Treatment availability and capacity building

Uganda's National Control Programme for combating intestinal schistosomiasis and STHs has been active since 2003, and although regular monitoring has occurred at intervals since then, this is the first comprehensive overview of the status of treatment infrastructure and health capacity on the districts adjacent to Lake Victoria. The results here paint a mixed picture; on the one hand, some villages appear to function well in terms of drug availability, regular training of CMDs and administration of mass treatment. However, there were also locations, such as much of Wakiso district islands, where people were sceptical about the efficacy or need to take PZQ, while in Masaka district there was a noticeable absence of volunteers willing to take on the role of CMD. The reasons given for refusal included the distance between sites and the lack of adequate funding for travel. Even within a district with generally good treatment coverage, there were islands that did not conform to what was being observed elsewhere in the district. For example, on one island in Kalangala district, all inhabitants refused to take PZQ, citing experience of severe side-effects after swallowing the drugs during an earlier treatment campaign. High perceived risk of treatment has been associated with non-compliance with treatment in other studies [20], and so may limit the effectiveness of future treatment campaigns where side-effects have been noted. These heterogeneities in responses to treatment, added to the epidemiological variations seen across the region in terms of parasite prevalence, indicate the challenges to maintaining effective and efficient disease control. One limitation of this study was the lack of funding for follow-up visits to all of the communities surveyed in order to check up on the actions of the newly-trained CMDs and to see whether MDA was now being carried out more regularly.

High disease prevalence and observation of co-infection

The eastern part of Lake Victoria is known to be a highly endemic zone for intestinal schistosomiasis [5, 21]. In 2007, Masaka and Mpigi districts were added to the roster of districts receiving MDA, based on data showing increased disease levels as compared to the original 2003 baseline data [22]. This current survey revealed that despite regular chemotherapy and educational interventions, levels of intestinal schistosomiasis are still very high. The only exception is Rakai district, which continues to have low, almost negligible, levels of S. mansoni. The data here also support earlier evidence of a geographical west to east cline along Uganda's Lake Victoria shoreline of increasing schistosomiasis prevalence, although the observation of significant local heterogeneities should be taken into consideration. The reasons for this purported cline are not fully understood, but may relate to climatic variation along the lakeshore, or indeed differences in population density or sanitation infrastructure. Large-scale variation in prevalence may be more a residue of sampling effort or treatment history, and indeed if given too much weight, may confound smaller-scale patterns of variation which are crucial for local disease management recommendations [23, 24].

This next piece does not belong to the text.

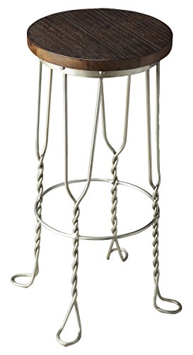 Distressed finished recycled seat. Twisted legs ending with small footprints. Legs conjoined by iron base in antique silver finish. Warranty: one year. Metalworks finish. Made in India. No assembly required. 15 in. Dia. X 28 in. H (15 lbs.)

The patterns of distributions of STH and malaria infections are less geographically skewed and more evenly distributed by district, but again, there are exceptions. Masaka district has significantly higher prevalence of T. trichiura infection than the overall average, for example. This is somewhat surprising, since all three STHs are successfully treated with albendazole, and prevalence of hookworm and A. lumbricoides are not noticeably elevated. One possibility is the observation of particularly poor sanitary and hygiene infrastructure in many locations along Masaka's Lake Victoria shoreline, encouraging STH transmission; if soil conditions here are more suitable for persistence of T. trichiura eggs than in other areas, this could go some way to explaining why the infection rate of this species of helminth is higher in Masaka than elsewhere. Indeed, a soil map of Uganda shows mineral hydropmorphic soils in Masaka district, and extending to Rakai, in contrast to ferrallitic soils along the rest of the Lake Victoria shoreline in Uganda [25].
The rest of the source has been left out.